Илья смотрел на старика, но слушал его рассеянно. То, что перед глазами лежала его родная земля, переполняло сердце волнующим трепетом, радостью и горечью. Он ждал: может, старик что-нибудь скажет ему о матери, сестрах. Но, как на грех, тот говорил о чем хотите, только не о том, что волновало его больше всего.

И это мучило Илью.

На привокзальной площади столпились люди в ожидании трофейного скрипучего автобуса, который ходит, как ему заблагорассудится, к тому же, чаще стоит, ремонтируется. И Самсон, умудренный житейским опытом, сказал гостю, что пешком они доберутся скорее, чем этаким малонадежным видом транспорта.

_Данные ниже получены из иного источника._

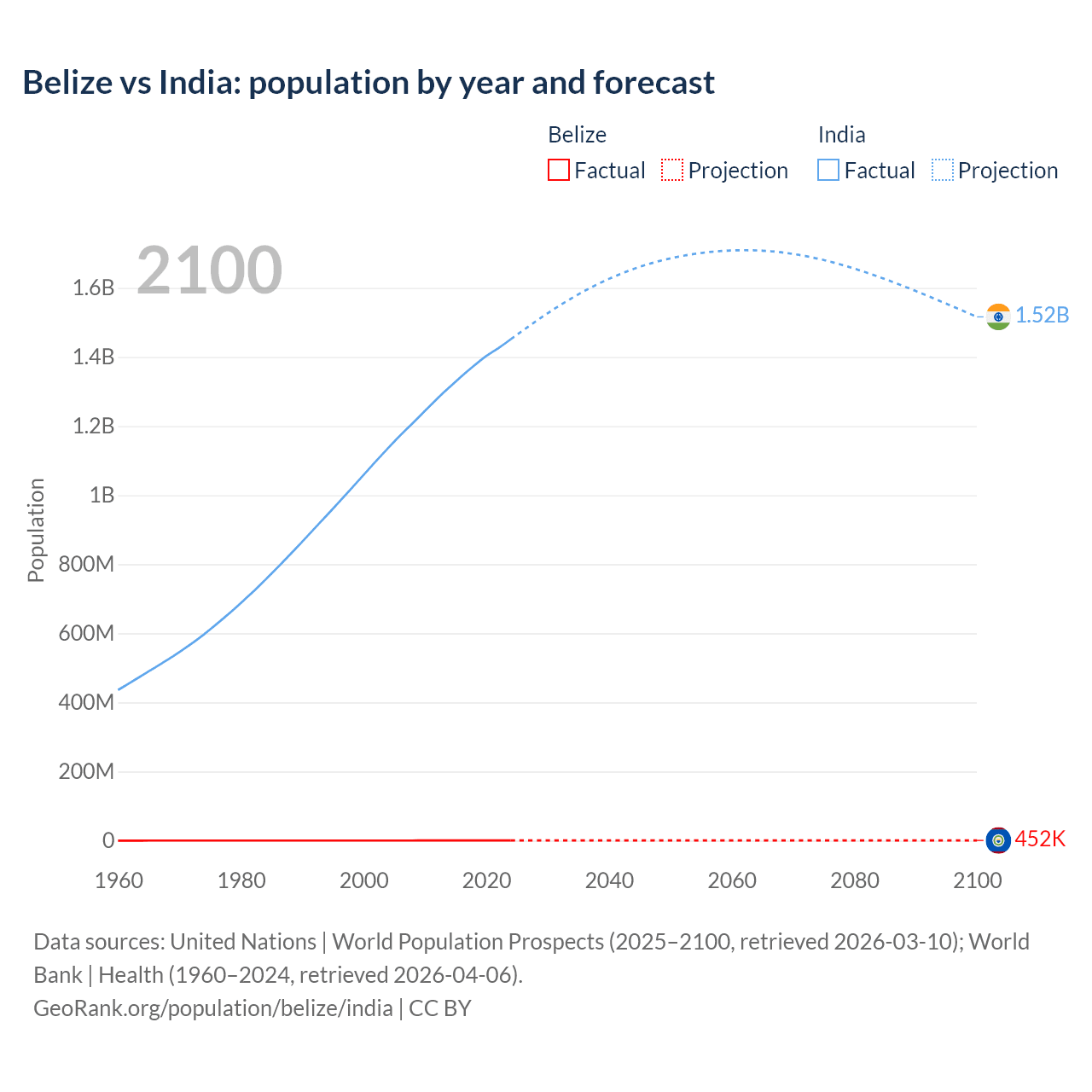Population differences between Belize and India

Спешить особенно было некуда, и оба направились домой пешком. Думали: если их догонит автобус — подсядут.

Старый пекарь не принадлежал к той категории людей, которые любят рассказывать грустные вещи и растравлять собеседнику раны. Он не хотел, чтобы гость из его уст узнал страшную трагедию его матери и сестер… Это для Ильи было слишком тяжело. И он решил привести его к себе в дом, чтобы тот немного отдохнул с дороги. А уж на следующий день он проводит его в соседнее село Ставницу, что по ту сторону Бужка, неподалеку от старой крепости. Там живут Иван Заренко и его жена, которые длительное время прятали у себя в подвале и в лесу мать и сестер Алика. Они ему расскажут все подробно.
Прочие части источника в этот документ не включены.